145 Jahre Gothaer Programm

Heute wie damals: unser Ziel Beseitigung aller sozialen und politischen Ungleichheiten

Heute vor 145 Jahre begann der Einigungsparteitag von Gotha. Am Ende stand die Vereinigung des „Allgemeinen Deutschen Arbeitervereines“ (ADAV; „Lassalleaner“) und der „Sozialdemokratischen Arbeiterpartei Deutschlands“ (SDAP; „Eisenacher“) zur Sozialistischen Arbeiterpartei Deutschlands (SAP), die Vorläuferpartei zur heutigen #SPD. Gemeinsam verabschiedete man unter der Führung von August Bebel, Wilhelm Liebknecht und Wilhelm Hasenclever das Gothaer Programm.
Damals forderte die neu gegründete SAP, u.a.: die Aufhebung der Ausbeutung in jeder Gesellschaft und die Beseitigung aller sozialen und politischen Ungleichheit. 1890 hat sich die SAP in SPD umbenannt. Wir sind weit gekommen. Viele Forderungen von damals sind heute gesellschaftliche Realität: So z.B. das allgemeine, gleiche, direkte Wahl- und Stimmrecht mit geheimer und obligatorischer Stimmabgabe aller Staatsangehörigen, die allgemeine und gleiche Volkserziehung durch den Staat, die allgemeine Schulpflicht, der unentgeltliche Unterricht in allen Bildungsanstalten, das Verbot der Sonntagsarbeit, das Verbot der Kinderarbeit, Schutzgesetze für Leben und Gesundheit der Arbeiter. Aber auch 145 Jahre später gibt es für uns als SPD noch viel zu tun. Wir setzen uns heute für #Gerechtigkeit und die Beseitigung von politischer und sozialer Ungleichheit und für die Belange von Arbeitnehmerinnen und Arbeitnehmern ein.  [Quelle: SPD Südhessen]
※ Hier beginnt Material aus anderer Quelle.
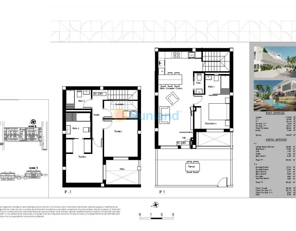 Nybygget boligkompleks i Los Balcones, Torrevieja Moderne boliger i en privilegert beliggenhet Dette eksklusive nybyggprosjektet i Los Balcones, Torrevieja består av 20 moderne bungalower, perfekt designet for komfort og stil. Prosjektet ligger bare 4 km fra strendene i Torrevieja og i nærheten av butikker, restauranter og viktige tjenester, og tilbyr en ideell beliggenhet for både permanent opphold og ferieturer på Costa Blanca. Los Balcones er et av de mest ettertraktede boligområdene i Torrevieja, med en fredelig atmosfære og likevel bare en kort kjøretur fra det livlige sentrum. Området har supermarkeder, lokale fasiliteter og et offentlig sykehus, med regelmessige bussforbindelser til byen. Eiendomsplaner som passer din livsstil Bungalower i første etasje: 3 soverom og 3 bad, inkludert et hovedsoverom med eget bad i hovedetasjen, åpen stue med kjøkken, gjestetoalett og romslig terrasse. En trapp fører til underetasjen med 2 ekstra soverom, 2 bad, vaskerom og uteplass. Bungalower i øverste etasje: 2 soverom, 2 bad, åpen kjøkkenløsning med stor stue, terrasse og privat solarium, perfekt for å nyte middelhavssolen. Alle boliger har private parkeringsplasser. Høy kvalitet og komfort Hver bungalow er designet med topp spesifikasjoner for å garantere maksimal komfort: Pansret inngangsdør og motoriserte aluminiumsluker Doble vinduer med solbeskyttelse Fullt installert klimaanlegg Aerotermisk varmtvannssystem Innredet kjøkken med hvitevarer LED-belysning inne og ute Bad med møbler, speil og dusjvegger Alarmsystem med detektorer og sentralenhet Eksklusive fellesfasiliteter Boligkomplekset har vakre anlagte hager, et felles svømmebasseng i to etasjer og et fullt utstyrt treningsstudio, som skaper det perfekte miljøet for å slappe av og sosialisere. Utmerket tilknytning på Costa Blanca Utbyggingen har utmerkede transportforbindelser: Strender: 4 km Alicante lufthavn: 55 km (40 minutter) Murcia lufthavn: 65 km (1 time) Villamartín golfbane: 9 km Torrevieja marina: 5 km Ditt nye hjem i Torrevieja venter Med sitt moderne design, høykvalitets finish og privilegerte beliggenhet er dette boligkomplekset i Los Balcones det perfekte valget for et nytt liv ved Middelhavet. Kontakt oss i dag for å avtale en visning og sikre deg din drømmebolig i Torrevieja.

In Biblis bedeutet das für uns konkret:

  • Wir wollen geeignete und bezahlbare Wohnformen für alle schaffen: für Familien, für Menschen im Ruhestand und Alleinstehende.
    • Wir wollen mit unserer Gemeinde auf dem Wohnungsmarkt aktiv werden, z.B. durch den Aufkauf von Bestandsimmobilien.
    • Wir setzen auf Nachverdichtung und Sanierung
  • Wir setzen uns dafür ein, dass in der Verwaltung die Mitarbeiter*innen nach Tarif bezahlt werden und setzen uns in der Gemeinde für die Einführung weitere Tarifverträge ein.
  • Wir werden die Einrichtungen der Gemeinde barrierefrei gestalten und Einschränkungen bei der Teilhabe älterer Menschen abbauen.
  • Jugendkultur braucht Räume: Wir setzen uns für Freiräume ein, die die jungen Menschen in eigener Verantwortung gestalten können.
  • Wir machen uns für eine*n Gleichstellungsbeauftragte*n und für die Erarbeitung eines Gleichstellungskonzeptes in unserer Gemeinde stark.